向かって左から、「太鼓(たいこ)」「大鼓(おおかわ)」「小鼓(こづつみ)」「笛(ふえ)」「謡(うたい)」の順に配置します。

◇太鼓(たいこ)
太鼓役は座った姿勢で、両手で太鼓の「ばち」を持ちます。

 

◇大鼓(おおかわ)
大鼓役は立った姿勢で、小鼓よりも下の方に手があり左手に大鼓を持ちます。

 

◇小鼓(こづつみ)
小鼓役は立った姿勢で、左肩の方に小鼓を乗せ右手で支えます。

 

◇笛(ふえ)
笛役座った姿勢で、両手を前に出して笛を持ちます。

 

◇謡(うたい)
謡役は座った姿勢で、両手を膝付近に出して右手に扇を持ちます。

右大臣、左大臣の配置

右大臣と左大臣は、弓矢を持ち宮廷を警護する武官です。

 

◇右大臣(うだいじん)
右大臣は若者とされ、黒い衣裳を着ています。
その名の通りに、右側(向かって左の男雛側)に配置します。

 

◇左大臣(さだいじん)
左大臣は老人とされ、赤い衣裳を着ています。
役職としては右大臣よりも上位に当たります。
左側(向かって右の女雛側)に配置します。

桜と橘の配置

「左近の桜、右近の橘」という言葉があるのでこの通り配置します。

◇桜
向かって右の女雛側に配置します。

 

◇橘
向かって左の男雛側に配置します。

雛人形をしまう時期はいつ頃がいいの?

3月3日のひな祭りが終わったら、雛人形はいつ頃しまったら良いのでしょう。

雛人形に限ったことではないですが、飾る時は頑張っちゃうけどしまうのは苦手の私と同じような人も少なくないのではないでしょうか。

 

雛人形をしまう時期は、季節の節目という本来の意味からして、遅くとも3月中旬までに済ませましょう。
お節句は季節の節目です。
節目を越えていつまでも出しておくものではありません。

 

早めに片付けることができるのならば、「啓蟄(けいちつ)の日」の3月6日頃が良いと言われています。

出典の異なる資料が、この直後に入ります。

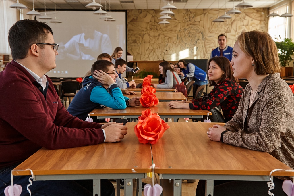 День Всех Влюбленных – это прекрасный праздник, наполненный нежностью и любовью, день, когда в воздухе чувствуется романтика. Именно поэтому студенты решили отметить столь чудесный праздник по-особенному. Отделом учебно-воспитательной работы и членами Объединенного совета обучающихся в читальном зале НГСПИ были организованы быстрые свидания, целью которых было познакомить студентов друг с другом или даже помочь им найти свои «вторые половинки».

若葉が芽吹き虫がうごめき始めるとされる「啓蟄の日」は、雛人形を飾る時期に良いとされる「雨水(うすい)」の次の節目に当たります。
ちょっとひな祭りから3日後、ということでで慌ただしいのですが、できるだけ季節の節目を超えないのが良いといわれています。

雛人形を早くしまう他の理由

雛人形を早くしまう理由の一つが季節の節目を超えないのが良いということですが、この他にも早くしまったほうがいい理由があるので紹介します。

 

雛人形は女の子の厄を引き受ける役目を持っているので、災いを遠ざけるという意味からも、できるだけ早く片付けた方が良いとされているのです。

 

また、一つの行事が終わったらいつまでも出しっ放しにしないで、きちんとしまうというしつけの意味も含まれているんです。

 

このような理由がいつからか、
「雛人形をしまうこともできないとお嫁に行けない」→「ひな人形を出しっ放しにしていると結婚できない」へと変化し現在の通説になったようです。

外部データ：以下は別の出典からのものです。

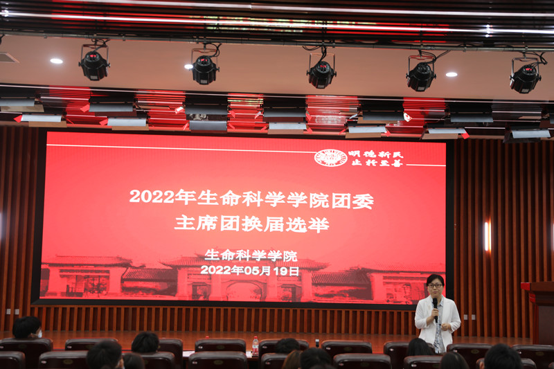 为加强生命科学学院团委能力作风建设,推进学生工作高效、持续开展,5月19日,生命科学学院在学院报告厅举办“生命科学学院团委主席层换届选举暨优秀学生表彰会”。生命科学学院党委副书记程亚敏,团委负责人张丽,团委学生会、青年志愿者协会全体成员及各班级代表参加此次大会。本次大会采取线上与线下相结合的方式进行,由2021届团委学生会副主席张思卉主持。

「よくしつけられた子供が、早く良縁に恵まれるように。」との親の願いが込められているのです。

まとめ

雛人形の飾る時期や飾る場所には、こうしなければならないという決まりはないので、それぞれの家庭に合ったひな祭りを家族で楽しみましょう。

お雛様も以前は段飾りが多かったですが、近年は住宅事情などの変化から、収納できる収納タイプやケース飾り、内裏雛のみを飾る親王飾りなどの小さな雛飾りへと変化してきています。

しかし、雛飾りは女の子の成長を願う親たちの祈りが、人形に込められていることに変わりはありません。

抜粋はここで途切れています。